Земец Ветлугин, охотно бравший нас к себе на работу, завёл подозрительный разговор, уверяя, что теперь на каждом углу, чуть не в каждом доме — предатели и соглядатаи.
— Ты его пустишь к себе, как честного человека, а он на другой день норовит тебя в участок свести, накляузничать, донести. Я теперь никому не верю, в родных сомневаюсь. Странно признаться, даже на себя нельзя положиться, стараешься больше молчать: вдруг что-нибудь брякнешь ненужное, а там прибавят, прилгут — и пошла губерния писать…
Откровенней всех был адвокат Берцев.
— Дудки-с! — кричал он почти исступлённо, потрясая кулаком в воздухе. — У меня сочувствия не ищите.
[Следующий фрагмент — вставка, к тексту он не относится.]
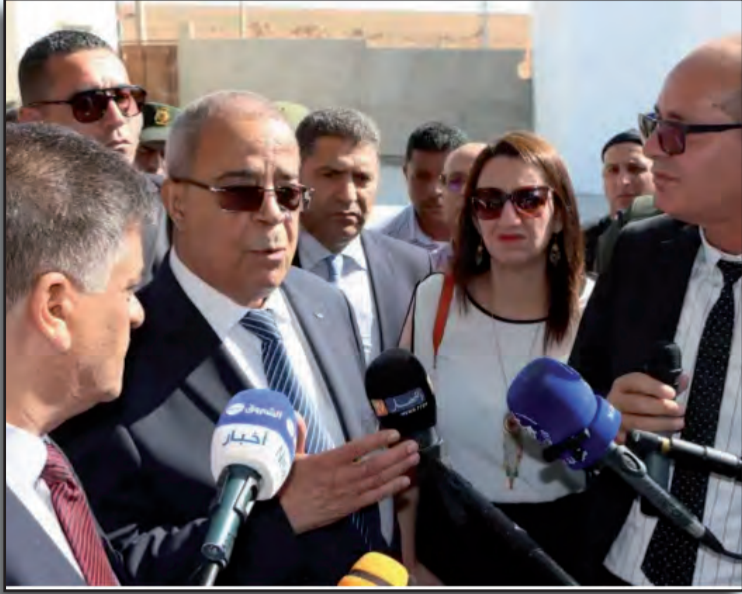
فرجيوة و شلغوم العيد و ميلة لتفقد «سوناريك» لإنتاج أجهزة التدفئة المنزلية و مجمع الصناعات الغذائية أغروديف.

Довольно я насмотрелся на этот ваш народ-богоносец, на хамство его, на зверства, на погромы, на сборища этих сопливых и вихрастых мальчишек!.. Скажите на милость, — наступая на меня, с подвизгиванием орал он, — с какой это стати, ради чего буду я помогать ну хотя бы мужику вашему? Земля ему нужна, и чёрт с ним: пусть захватывает угодья, а я тут при чём, мне-то какое до всего этого дело. Почему всё мужик и мужик, всё рабочий и рабочий? А я где, а со мной что?.. Да этот самый прославленный Сидоров только и ждёт, как бы дубьём меня огреть да по черепу треснуть!.. И когда он просил, чтобы я голову свою за него клал?.. Поймите, на рвоту меня позывает, лишь только я услышу эти разглагольствования о народе, о борьбе классов, об этих программах. Довольно! Пусть каждый займётся своим делом, пусть знает свой шесток, как на Западе. Бывали вы там? А я бывал, знаю. Если в Германии вам человек говорит: «Монтёр», — он монтёр и есть, вы его с врачом не смешаете. А у нас? «Я, — говорит, — писатель», — а ты про него думаешь: «Мошенник…» — «А вы кто такой?» — «Я доктор», — а ты не знаешь, — может быть, он парикмахер… «Почему у тебя топор в руке?» — «Я плотник». А у него на роже написано: душегуб и душегуб. Пойдите и разберитесь во всём этом ералаше!..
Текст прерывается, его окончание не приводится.